=== Records for the task ===
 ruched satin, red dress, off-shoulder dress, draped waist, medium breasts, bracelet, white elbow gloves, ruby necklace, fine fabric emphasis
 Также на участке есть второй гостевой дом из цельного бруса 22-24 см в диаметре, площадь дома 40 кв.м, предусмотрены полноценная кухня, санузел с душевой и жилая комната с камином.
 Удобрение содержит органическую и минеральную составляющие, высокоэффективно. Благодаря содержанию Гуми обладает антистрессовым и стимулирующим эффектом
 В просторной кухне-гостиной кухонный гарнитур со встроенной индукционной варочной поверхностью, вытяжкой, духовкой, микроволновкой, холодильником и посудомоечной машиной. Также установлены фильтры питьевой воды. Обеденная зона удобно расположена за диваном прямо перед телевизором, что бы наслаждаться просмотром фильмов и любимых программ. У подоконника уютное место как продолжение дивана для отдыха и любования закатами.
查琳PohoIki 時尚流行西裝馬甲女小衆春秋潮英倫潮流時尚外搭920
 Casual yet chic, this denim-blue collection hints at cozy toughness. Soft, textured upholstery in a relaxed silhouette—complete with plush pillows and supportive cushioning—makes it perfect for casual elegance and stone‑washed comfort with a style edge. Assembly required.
==
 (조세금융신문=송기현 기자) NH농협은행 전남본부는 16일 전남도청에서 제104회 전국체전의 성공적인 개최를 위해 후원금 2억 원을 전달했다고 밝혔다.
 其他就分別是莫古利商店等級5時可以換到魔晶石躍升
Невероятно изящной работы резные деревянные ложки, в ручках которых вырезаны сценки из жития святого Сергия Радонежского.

=== Problem details ===
Using the data above, repeat exactly the lines that begin at the line with "ruched satin, red" and end at the line with "Casual yet chic, this", both ends included.

=== Solution for this task ===
 ruched satin, red dress, off-shoulder dress, draped waist, medium breasts, bracelet, white elbow gloves, ruby necklace, fine fabric emphasis
 Также на участке есть второй гостевой дом из цельного бруса 22-24 см в диаметре, площадь дома 40 кв.м, предусмотрены полноценная кухня, санузел с душевой и жилая комната с камином.
 Удобрение содержит органическую и минеральную составляющие, высокоэффективно. Благодаря содержанию Гуми обладает антистрессовым и стимулирующим эффектом
 В просторной кухне-гостиной кухонный гарнитур со встроенной индукционной варочной поверхностью, вытяжкой, духовкой, микроволновкой, холодильником и посудомоечной машиной. Также установлены фильтры питьевой воды. Обеденная зона удобно расположена за диваном прямо перед телевизором, что бы наслаждаться просмотром фильмов и любимых программ. У подоконника уютное место как продолжение дивана для отдыха и любования закатами.
查琳PohoIki 時尚流行西裝馬甲女小衆春秋潮英倫潮流時尚外搭920
 Casual yet chic, this denim-blue collection hints at cozy toughness. Soft, textured upholstery in a relaxed silhouette—complete with plush pillows and supportive cushioning—makes it perfect for casual elegance and stone‑washed comfort with a style edge. Assembly required.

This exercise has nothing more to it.